In the tasks of pose estimation and behavior analysis in computer vision, conventional models are often constrained by various factors or complex environments (such as multiple targets, small targets, occluded targets, etc.). To address this problem, this paper proposes a symmetric cascaded additive network (MulAG) to improve the accuracy of posture estimation and behavior analysis in complex environments. MulAG consists of two modules, MulA and MulG. The MulA module is designed based on a cascaded symmetric network structure and incorporates the addition operation. MulA extracts the posture spatial features of the target from a single frame image. And, the MulG module is designed based on three continuous GRUs (gated recurrent unit). Based on the MulA, MulG extracts the posture temporal features from the posture spatial features of the moving target and predicts the posture temporal features of the moving target.
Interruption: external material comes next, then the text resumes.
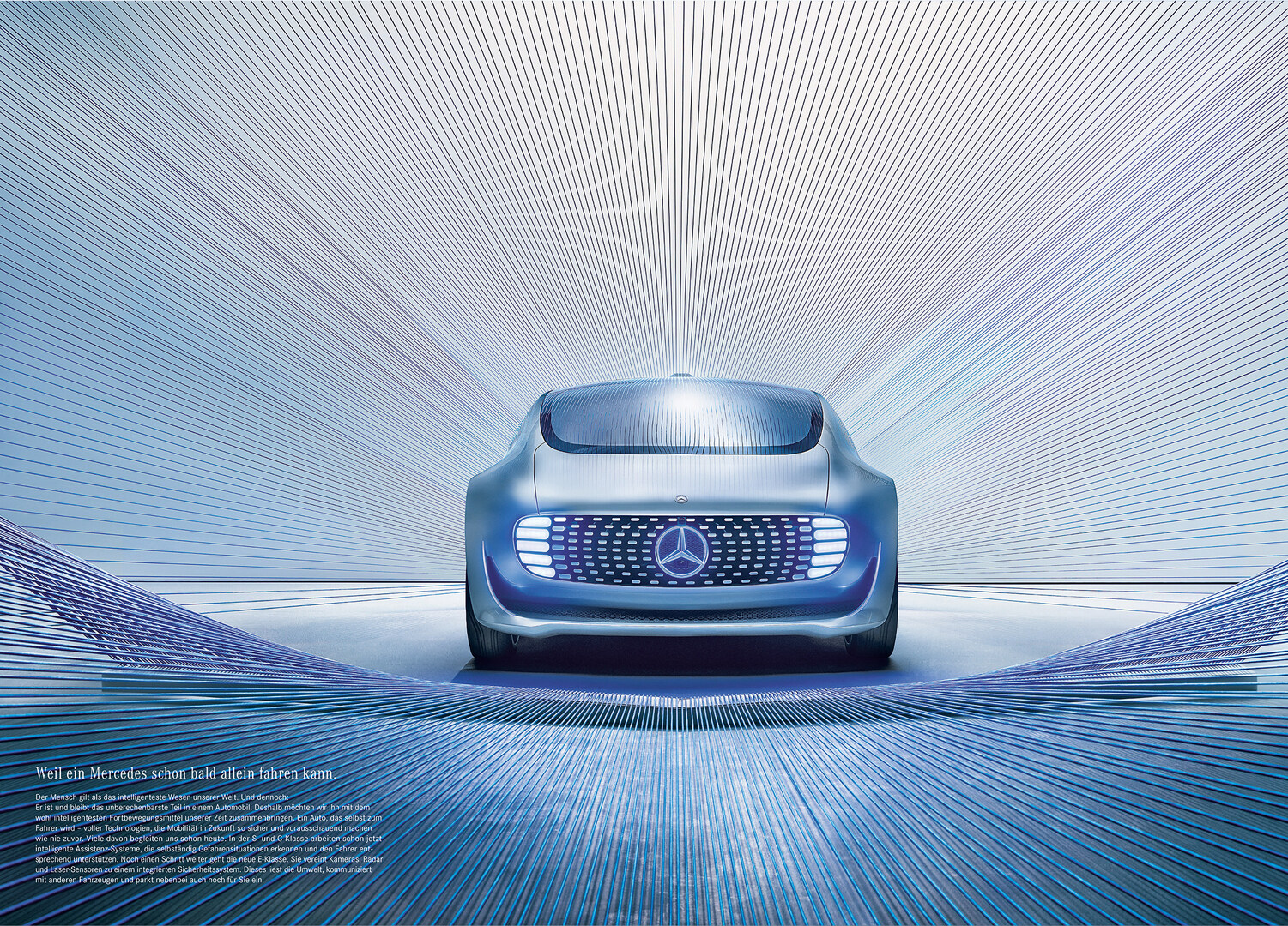 For the ad campaign of the Mercedes-Benz F 015, artist Sarah Illenberger was commissioned to produce five installations. Her creative task was to translate the features of the self-driving research car into an expressive pictorial world. To do this, she had to work between the poles of technological future and art-istic handiwork. The subjects take a leap into the new era of autonomous driving, rendering the associated changes touchable and comprehensible. Every installation is real, completely without using CGI – just like the car itself.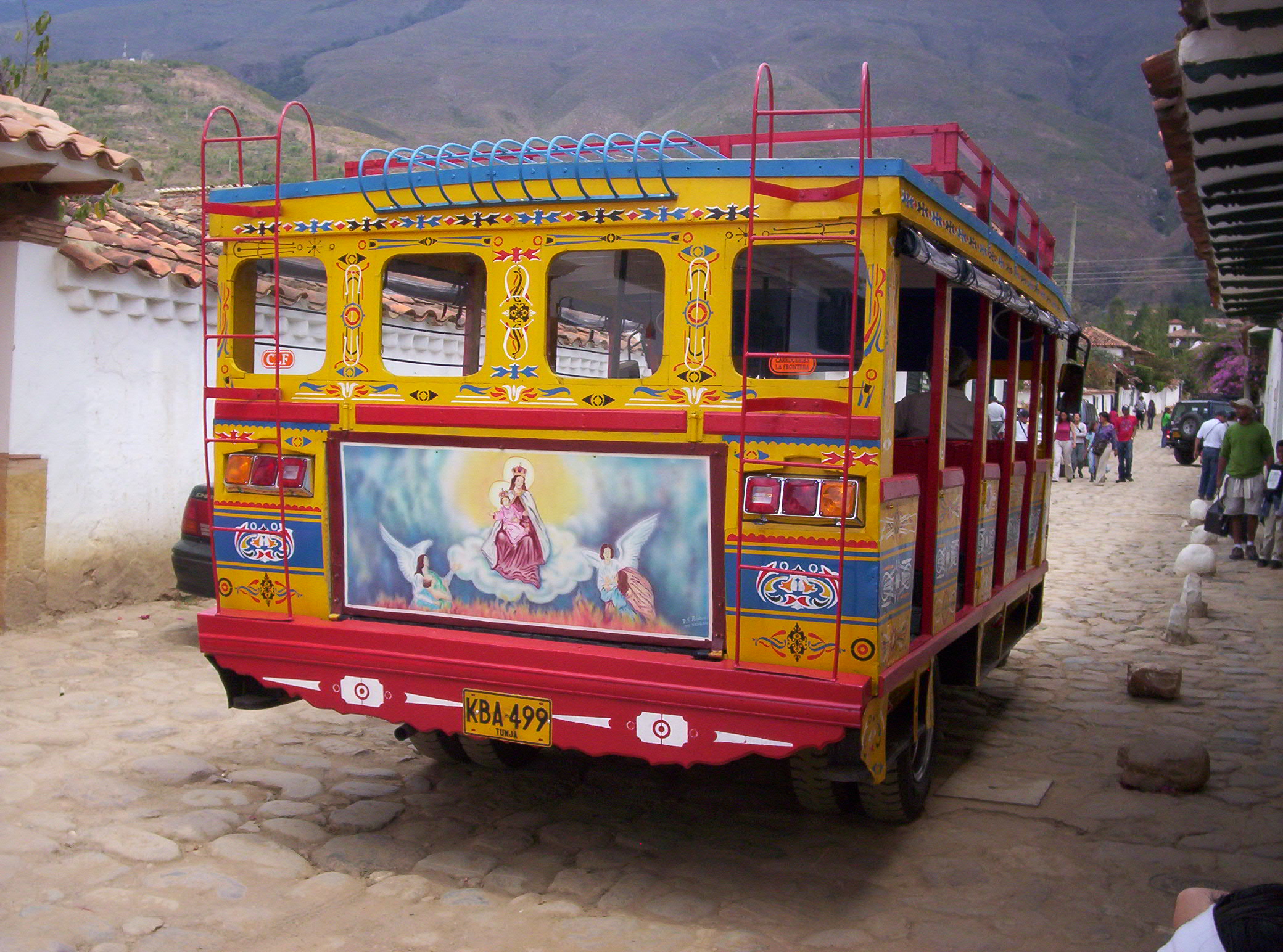 Rustic buses are old artisan modified buses used in rural Colombia and Ecuador where they are known as chivas (kid goats) or escaleras (ladders). They are used as public transport and more recently used as party buses in both countries. These are varied but characterized for being painted colorfully (usually with the yellow, blue, and red colors of the flags of Ecuador and Colombia) with local arabesques and figures.

The paper firstly demonstrates the feasibility of addition operations in pose estimation tasks by comparing with MobileNet-v3 in ablation experiments. Secondly, on the HiEve and CrowdPose datasets, MulA achieves accuracy of 79.6% and 80.4%, respectively, outperforming the PTM model by 12.0% and 21.2%. Detection speed of MulA achieves the best value at 8.6 ms, which is 1 times higher than HDGCN. The result demonstrates the effectiveness of MulA in multi-target pose estimation in complex scenes. Finally, on the HDMB-51 and UCF-101 datasets, MulAG achieves accuracy of 74.8% and 86.3%, respectively, outperforming HDGCN by 9.6% and 9.5%. Compared with SKP and GIST, the fps of MulAG (44.8 s⁻¹) is improved by 8.2% and 8.9%. These experiments highlight the generalizability and superiority of MulAG in behavior analysis and pose estimation tasks.

查看原文本刊更多论文

基于对称级联AdderNet的多目标姿态估计与行为分析

在计算机视觉的姿态估计和行为分析任务中，常规模型经常受到各种因素或复杂环境（如多目标、小目标、遮挡目标等）的约束。为了解决这一问题，本文提出了一种对称级联加性网络（MulAG），以提高复杂环境下姿态估计和行为分析的准确性。MulAG由MulA和MulG两个模块组成。MulA模块是基于级联对称网络结构设计的，并结合了加法运算。MulA从单帧图像中提取目标的姿态空间特征。MulG模块是基于三个连续gru（门控循环单元）设计的。MulG基于MulA，从运动目标的姿态空间特征中提取姿态时间特征，并对运动目标的姿态时间特征进行预测。本文首先通过与MobileNet-v3在烧蚀实验中的对比，论证了加法运算在位姿估计任务中的可行性。其次，在HiEve和CrowdPose数据集上，MulA的准确率分别达到79.6%和80.4%，分别比PTM模型高12.0%和21.2%。MulA的检测速度在8.6 ms时达到最佳值，是HDGCN的1倍。实验结果证明了MulA算法在复杂场景下多目标姿态估计中的有效性。最后，在HDMB-51和UCF-101数据集上，MulAG的准确率分别达到74.8%和86.3%，比HDGCN高9.6%和9.5%。与SKP和GIST相比，MulAG的fps （44.8 s−1）分别提高了8.2%和8.9%。这些实验突出了MulAG在行为分析和姿态估计任务中的通用性和优越性。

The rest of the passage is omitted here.